Incident Information Regarding Fire in Engine Room

This incident refers to a fire that started in the main engine room of a merchant vessel when at sea. Both main engines were stopped by the crew. The ship had full electrical power supply during the whole event due to separate auxiliary engine room. The crew used CO2 and water to put out the fire, which was finally extinguished after approximately four hours.

2013.08.23 - Incident Information Regarding Fire in Engine Room Figure 1

The main engine room was entirely burned out, including some minor adjacent compartments not protected with A60 insulation. The fire most probably started due to the breakage of a flexible hose on the low pressure fuel return piping on one of the main engines. The fuel sprayed on to a hot surface and ignited. Temperature at indicator cock measured to 324 °C.
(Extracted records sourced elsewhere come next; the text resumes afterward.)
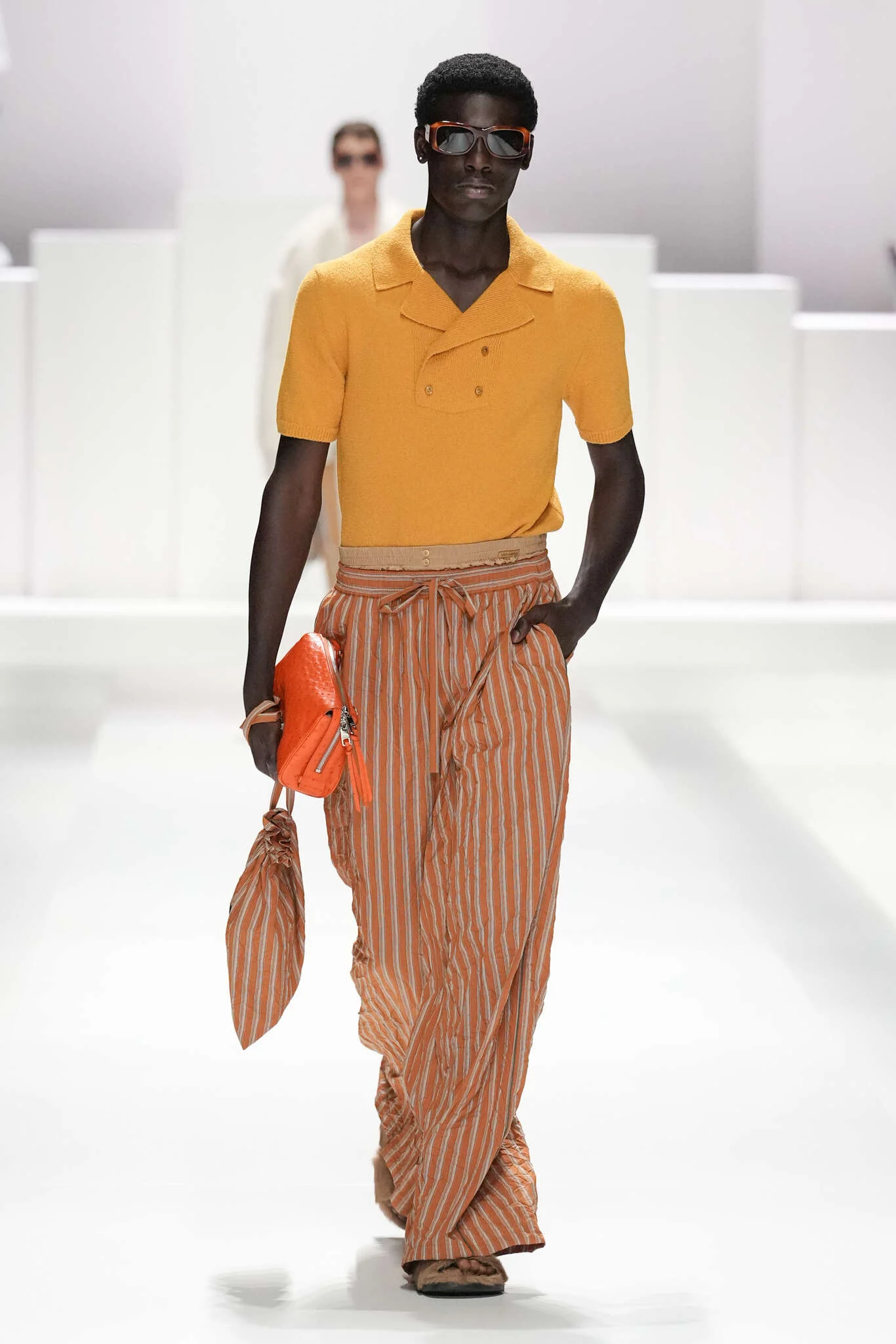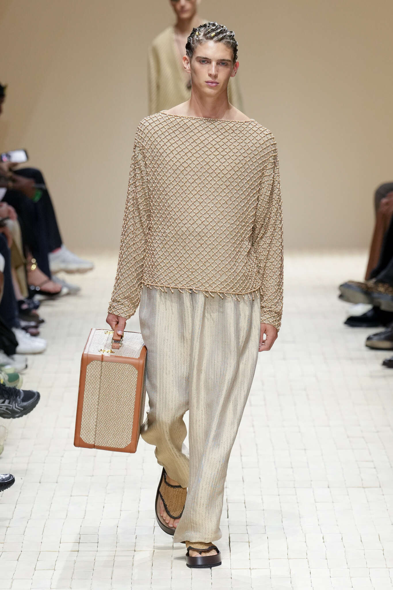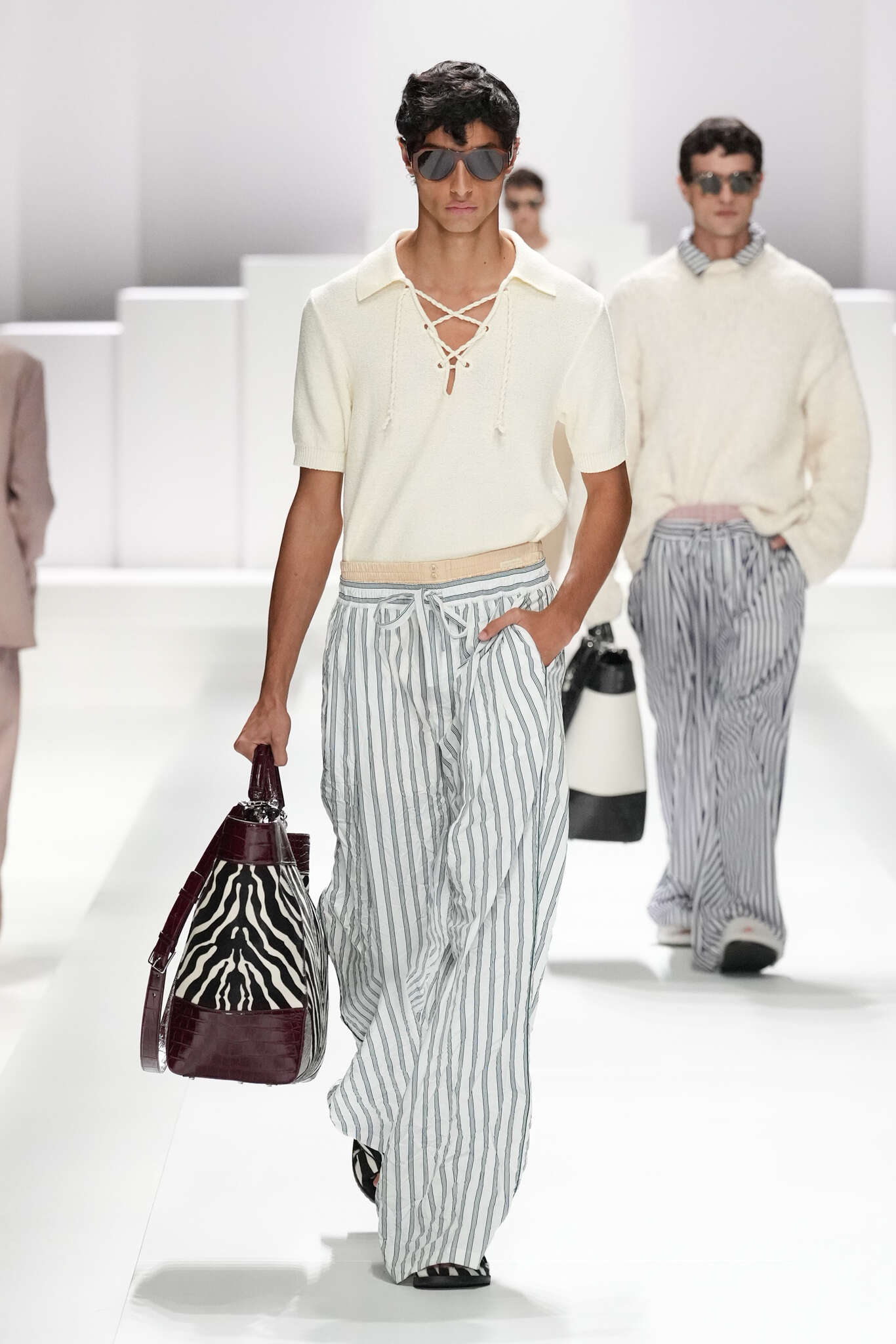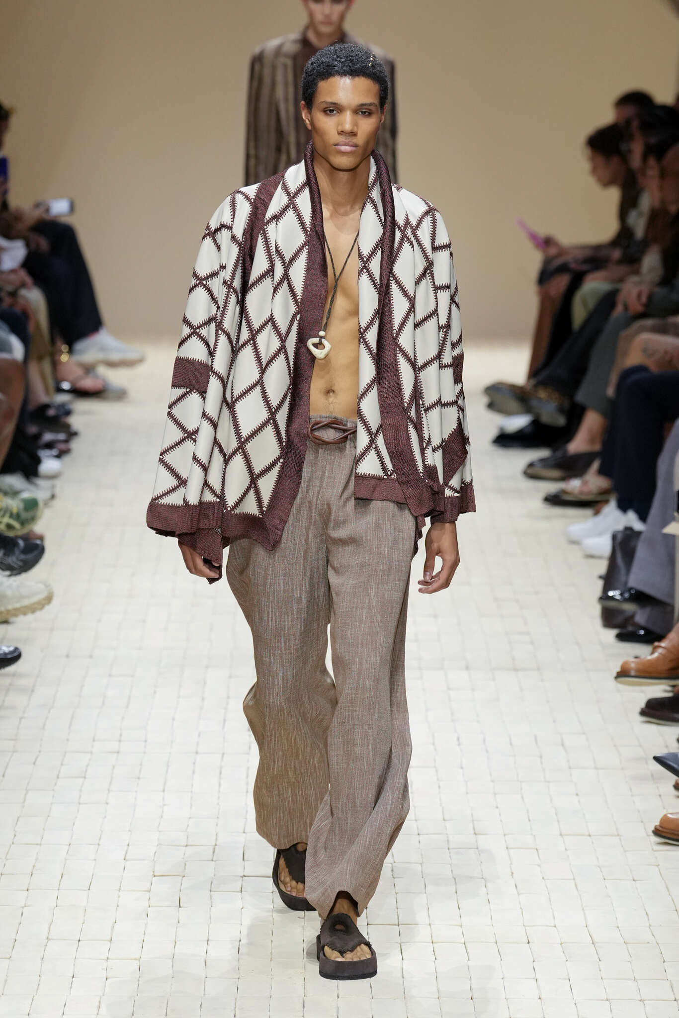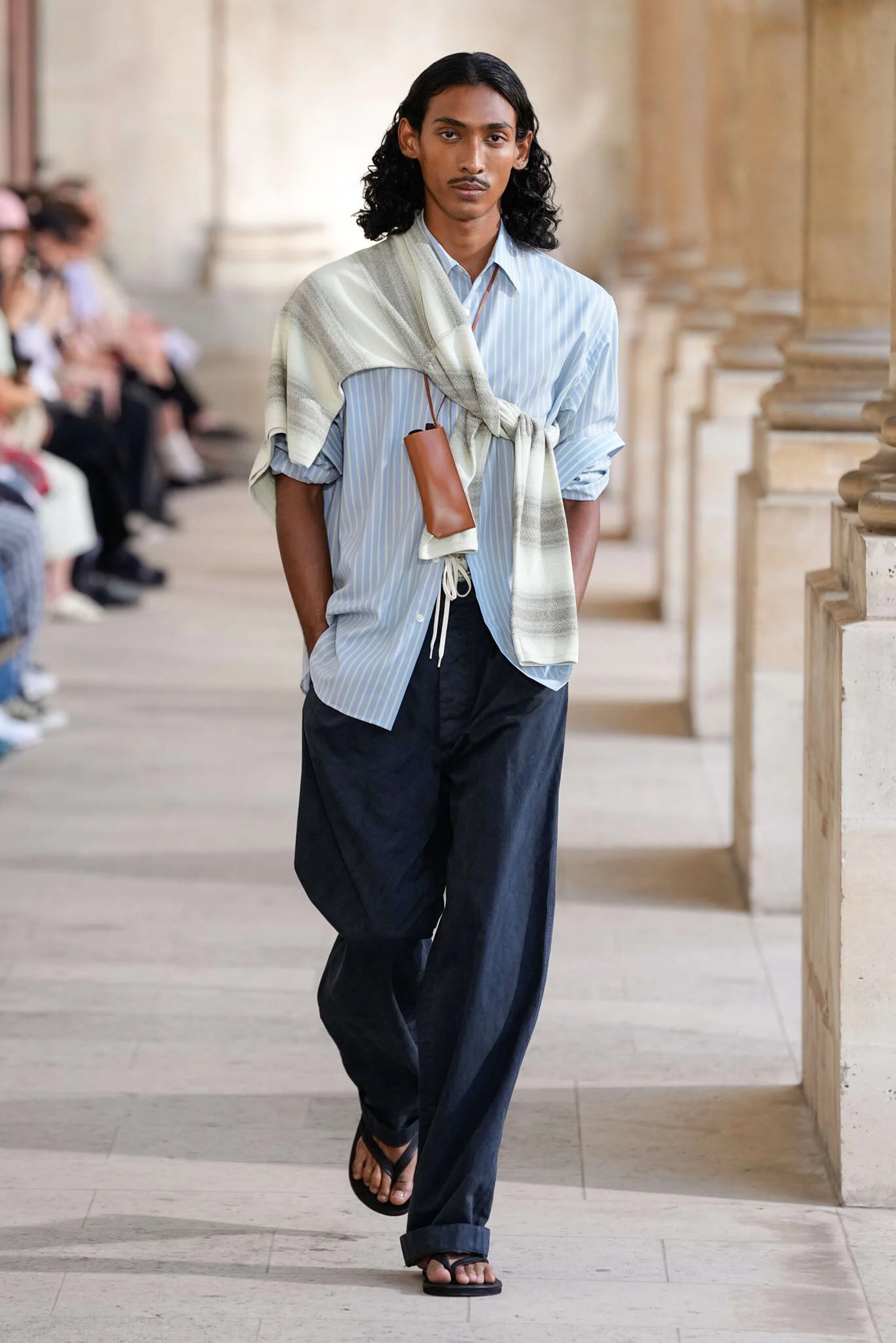 On évoquait un aspect loungewear ci-dessus pour Zegna. Chez D&G, c’est carrément le thème central de la collection, intitulée « Pyjama Boys ». Bien sûr, il ne s’agit pas de simples pyjamas. Les tissus sont ornés, brodés, décorés, rappelant ce que font certaines marques indiennes à l’aide d’artisanats traditionnels. Conformément à leur goût typique pour l’opulence et le glamour, D&G complètent les ensembles par de la fourrure (manteaux, mules), du cuir, des motifs animaliers, et des colliers ostentatoires. En fin de compte, cette collec cherche à brouiller la frontière entre vêtements d’intérieur et d’extérieur, entre l’intime et le public ; cela fonctionne assez naturellement pour certaines tenues ; et, quand cela échoue, le pyjama y gagne tout de même en charisme et raffinement.
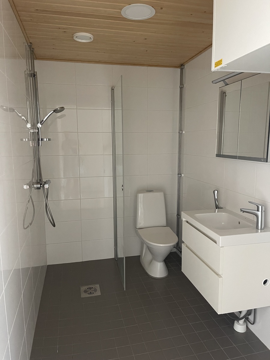 | Kylpyhuoneen kuvaus | Pesukoneliitäntä, lattialämmitys, suihkuseinä, peilikaappi, suihku, wc-istuin ja kiinteät valaisimet, seinät (kaakeli), lattiat (laatta), bidee-suihku |
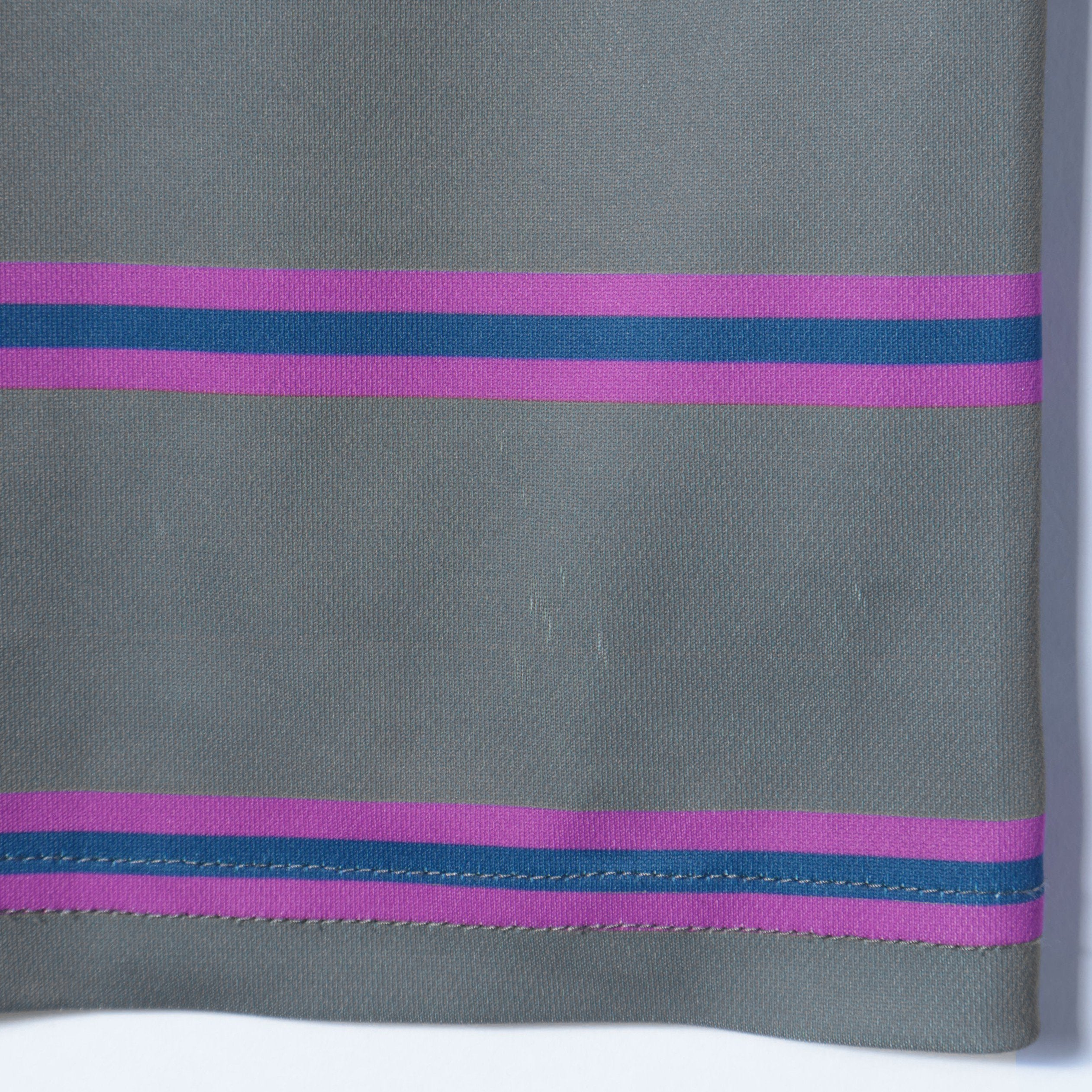 1980~90年代のゴルフルックを現代的な機能素材に落とし込んだ〈WEEKEND(ER)(ウィークエンダー)〉とのコラボレーションシリーズ。快適なポリエステル素材を使用した、存在感のあるボーダー柄モックネックシャツ。左裾には、今回のコラボレーションの為に作成したロゴをプリントしました。ネック部分の〈WEEKEND(ER)〉ロゴも別注ならではのデザインです。

2013.08.23 - Incident Information Regarding Fire in Engine Room Figure 2

This incident highlights the following:

  • Flanges, turbine housings, clamps and various bolts and nuts on engines should be checked for insufficient insulation.
  • Many areas on engines often prove to be hotter than expected (<220 °C), such as indicator cocks, various clamps and bolts and where the insulation underneath tinplates is dislocated or not thick enough.
  • Control of flexible hoses should be included in the planned maintenance system.
  • Flexible hoses should only be applied where relative movements can be expected. Where this is not the case, steel pipes are to be utilised. Note: flexible hoses have a limited lifetime depending on the environmental conditions they are exposed to, and the medium they are applied for.
  • Fuel oil piping, including flexible hoses, are to be properly shielded.